[Stored data entries]

□ □ □ □

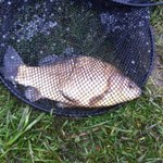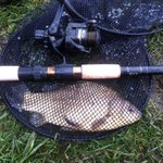 Сьогодні побував на Кірпічному. Звичайно з погодою трохи не повезло, але була одна покльовка і не в холосту. Ось такий карасик клюнув.
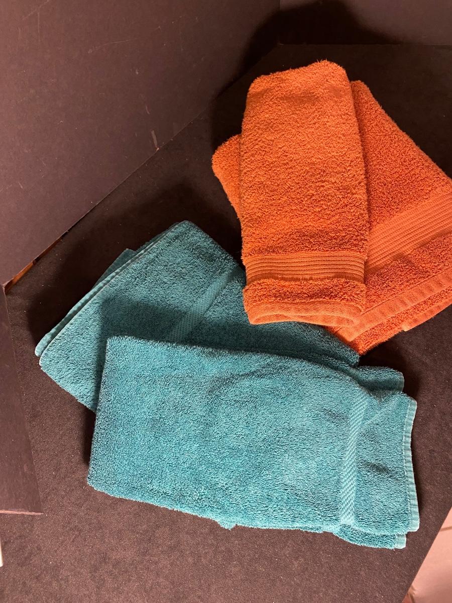 Rust colored: one bath and one hand towels
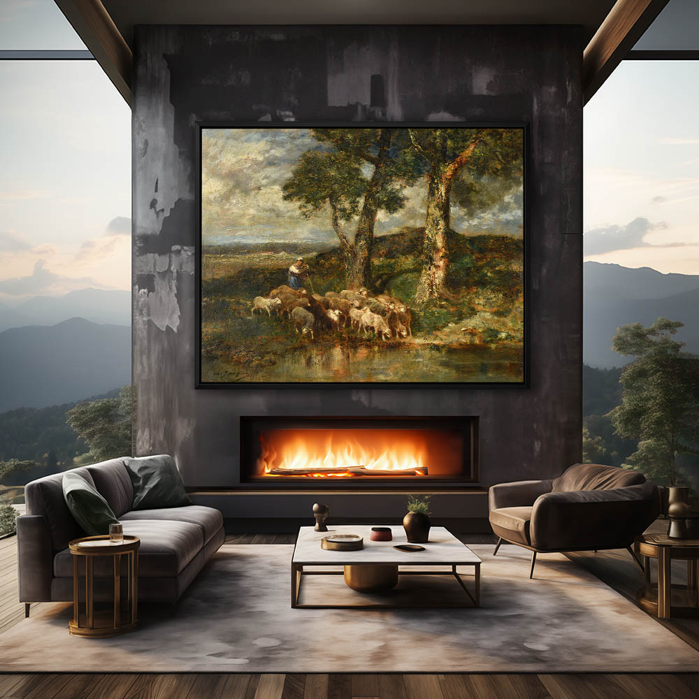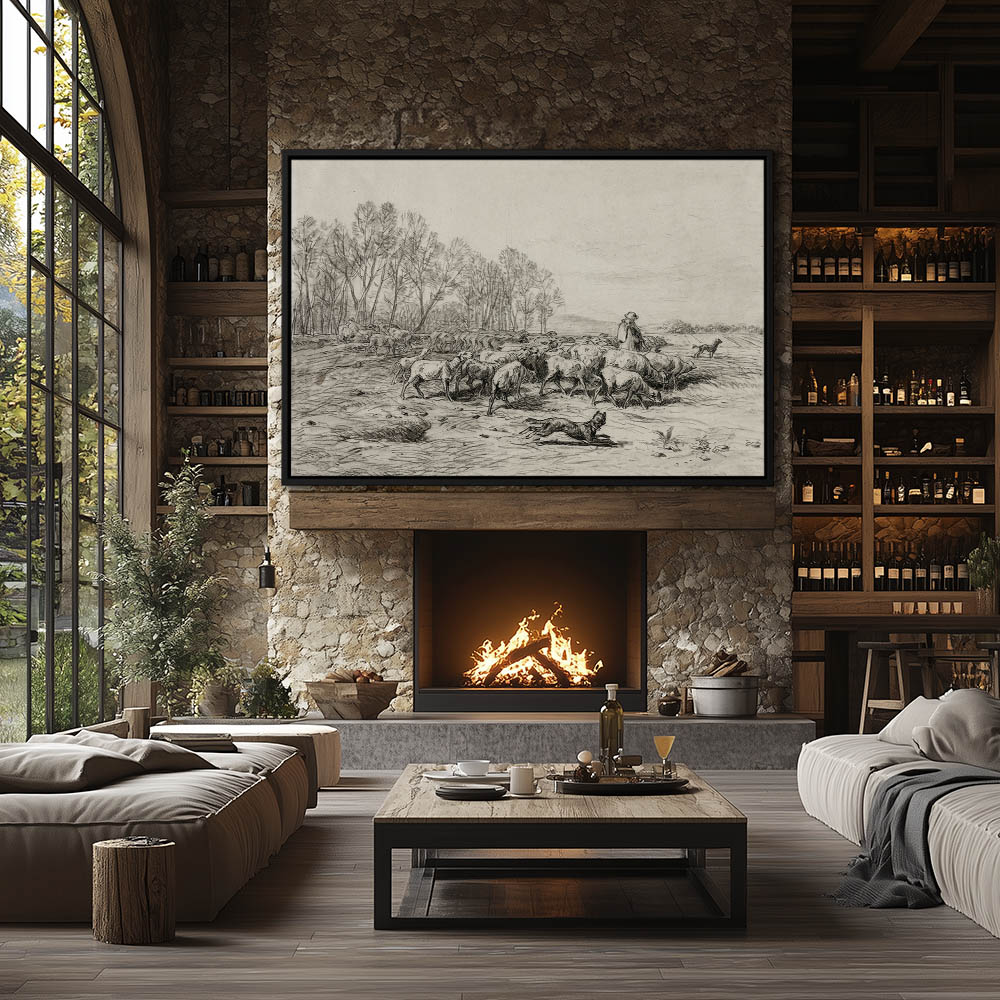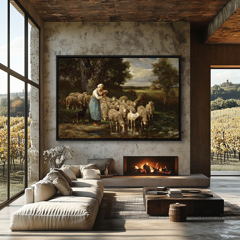 Two women in a farmyard, one washing by hand in a tub and the younger holding a basket, with chickens around.
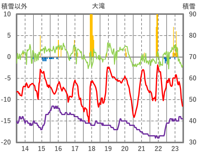 | 日 | 時 | 気温 | 降水 | 風向/風速 | 日照 | 積雪 | 降雪 |
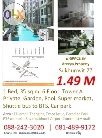 ขาย คอนโด a-space สุขุมวิท77 เฟอร์ครบพร้อมอยู่ เจ้าของขายเอง
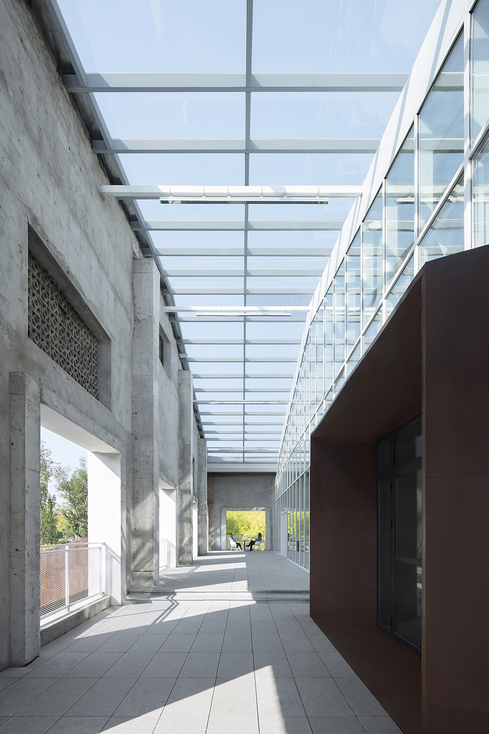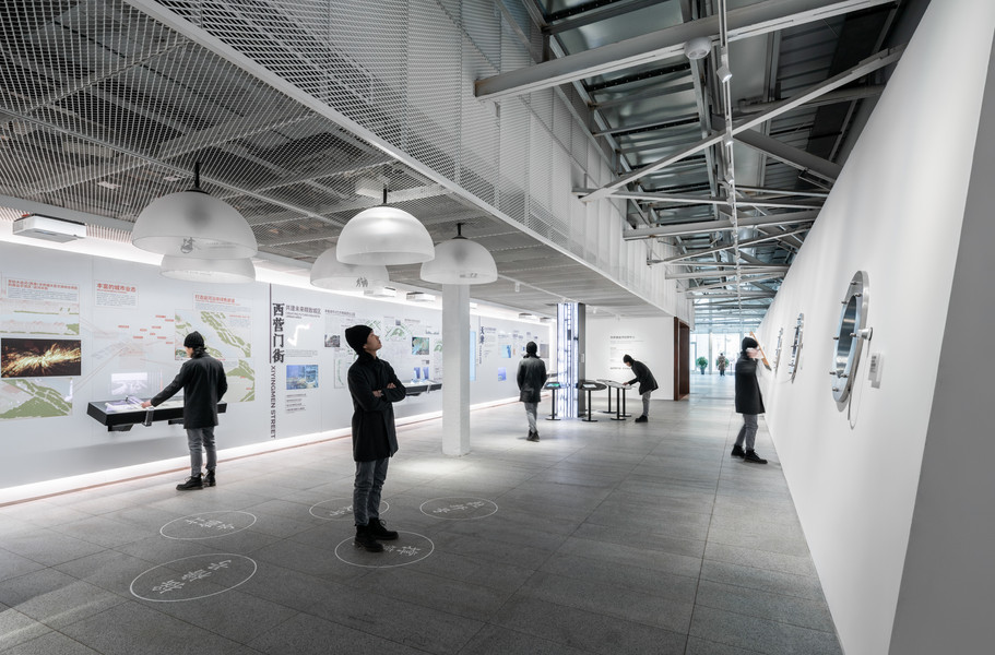走进二层门廊,展厅的主体量被设计为与山墙外皮脱离,在通透的天窗下,用太阳的光影刻画出新旧对比:一面是原原本本的山墙里侧,记忆了各种使用及施工的痕迹,不饰雕琢;一面则是通高的大玻璃墙,透视出里侧需要认真筹划的大展厅。与这个开放的空间相对比,一条弧形锈钢板走道把观众从隧道中引入展厅。

□ □ □ □

**YOUR INSTRUCTIONS:** Retype every entry exactly, but keep the pictures out of your copy.

**OUTPUT:**
 Сьогодні побував на Кірпічному. Звичайно з погодою трохи не повезло, але була одна покльовка і не в холосту. Ось такий карасик клюнув.
 Rust colored: one bath and one hand towels
 Two women in a farmyard, one washing by hand in a tub and the younger holding a basket, with chickens around.
 | 日 | 時 | 気温 | 降水 | 風向/風速 | 日照 | 積雪 | 降雪 |
 ขาย คอนโด a-space สุขุมวิท77 เฟอร์ครบพร้อมอยู่ เจ้าของขายเอง
走进二层门廊,展厅的主体量被设计为与山墙外皮脱离,在通透的天窗下,用太阳的光影刻画出新旧对比:一面是原原本本的山墙里侧,记忆了各种使用及施工的痕迹,不饰雕琢;一面则是通高的大玻璃墙,透视出里侧需要认真筹划的大展厅。与这个开放的空间相对比,一条弧形锈钢板走道把观众从隧道中引入展厅。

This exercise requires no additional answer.